As organizations look to improve efficiencies by leveraging robotic process automations, many are adopting Microsoft’s Power Automate to support their automated workflows and data pipelines. We have started building the ArcGIS Connectors for Power Automate to help extend the Flows to leverage your geospatial content.

The biggest consideration to be aware of when starting to build Flows in Power Automate using the ArcGIS Connectors is record count. Record count is important for a few reasons:

  • HTTP request time limits in Flows
  • Maximum of 5000 iterations the ‘Do until’ control can handle
  • Getting consistent results

Power Automate has HTTP request limits and timeouts for connector operations that take longer than two minutes.
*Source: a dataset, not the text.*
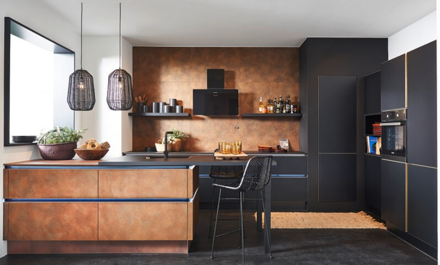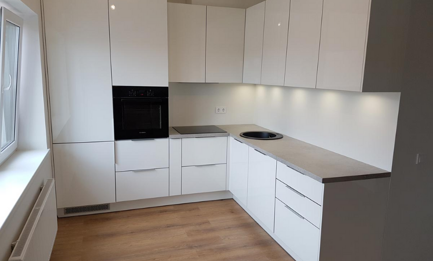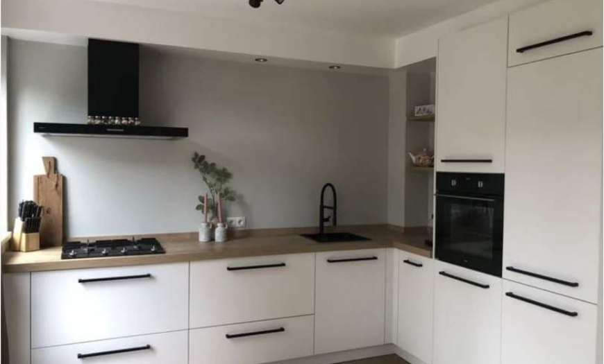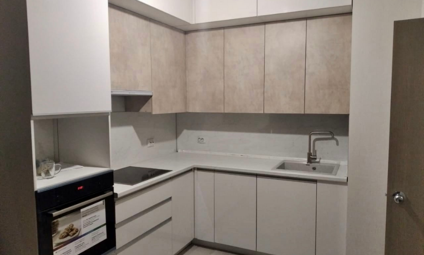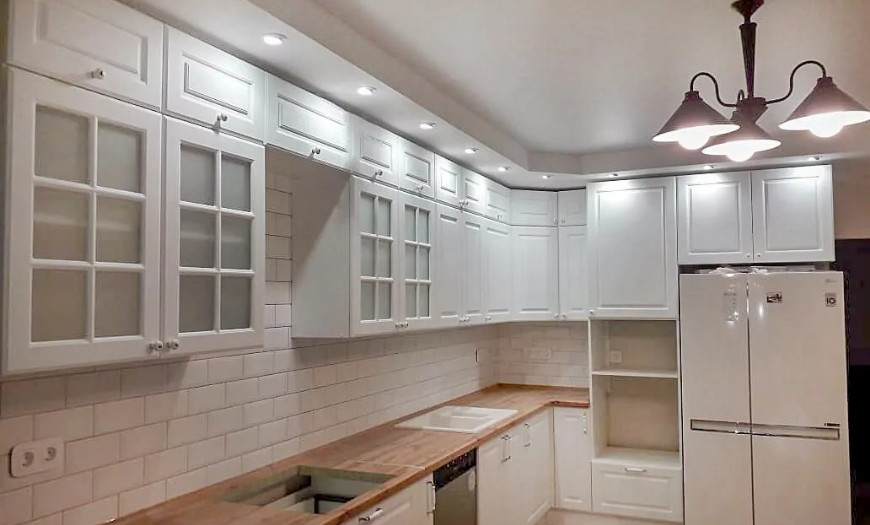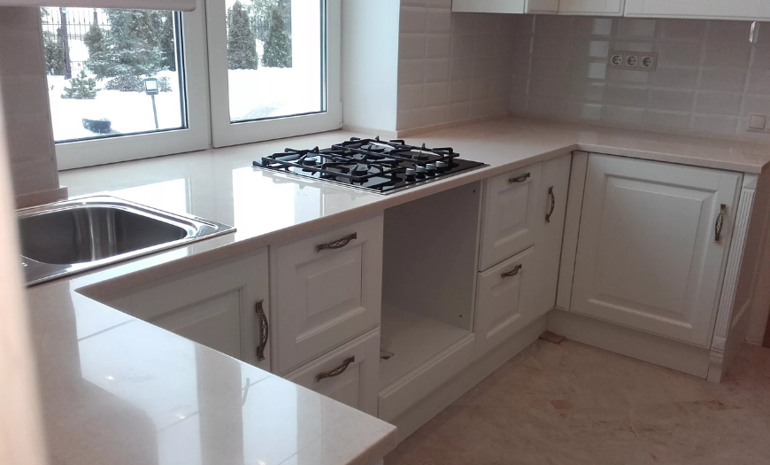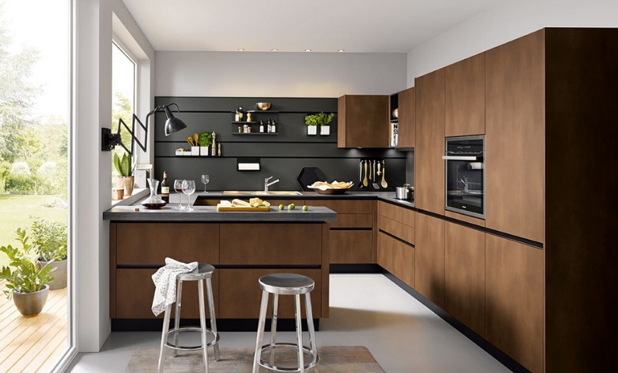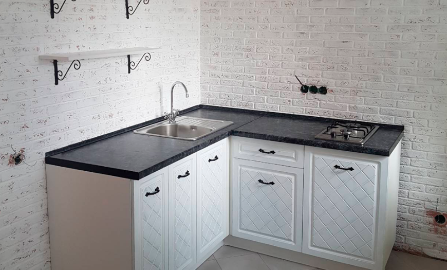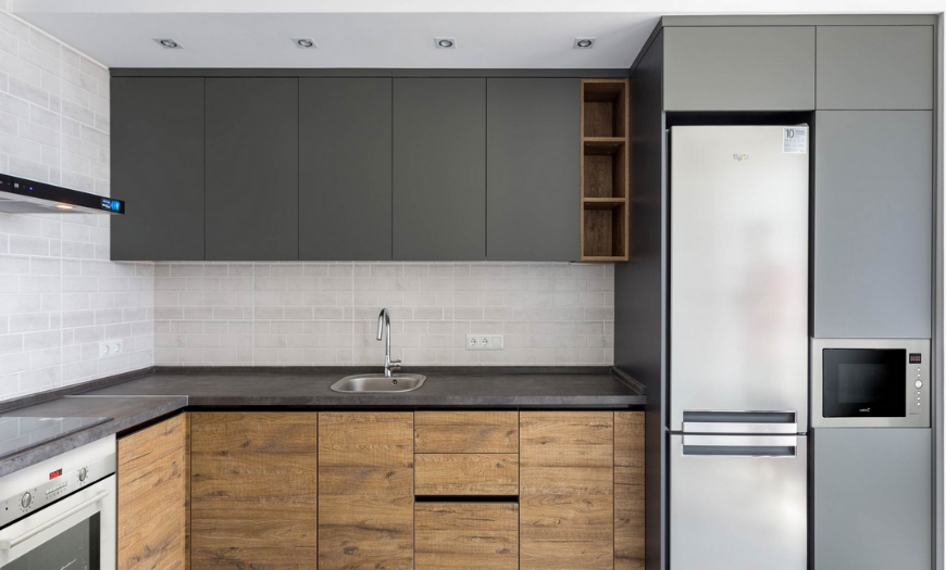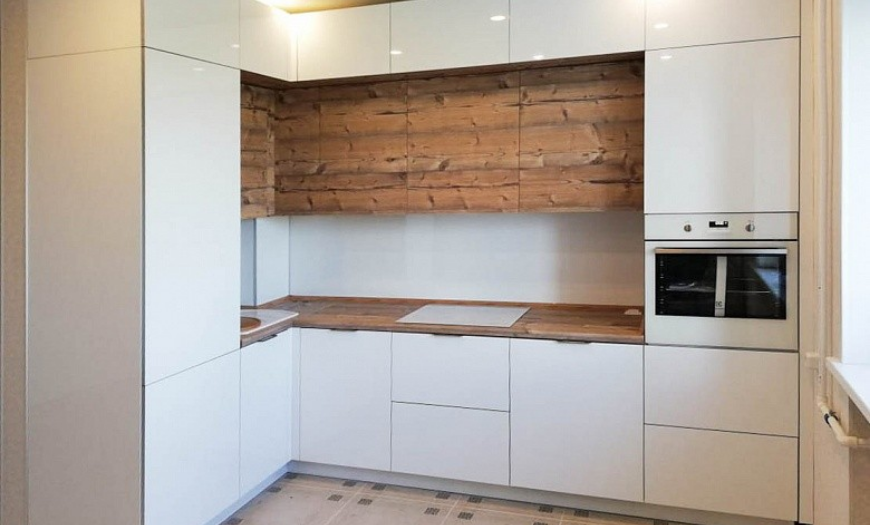 - Угловая или L-образная, преимущество которой в том, что за счет угла вы увеличиваете площадь рабочей поверхности и зоны хранения. Одно “но” – этот способ планировки не подходит длинным узким помещениям;

Geospatial can have thousands of records and when working with complex geometry, the size of the data grows, and processing can take a while.  To prevent the connectors from timing out, the ArcGIS and ArcGIS PaaS  connectors have been built with 150 record count limits to help prevent timeouts from occurring.

As we know, many datasets we work with have more than 150 features, but the ‘Do until’ control allows us to iterate through the data in 150 record chunks.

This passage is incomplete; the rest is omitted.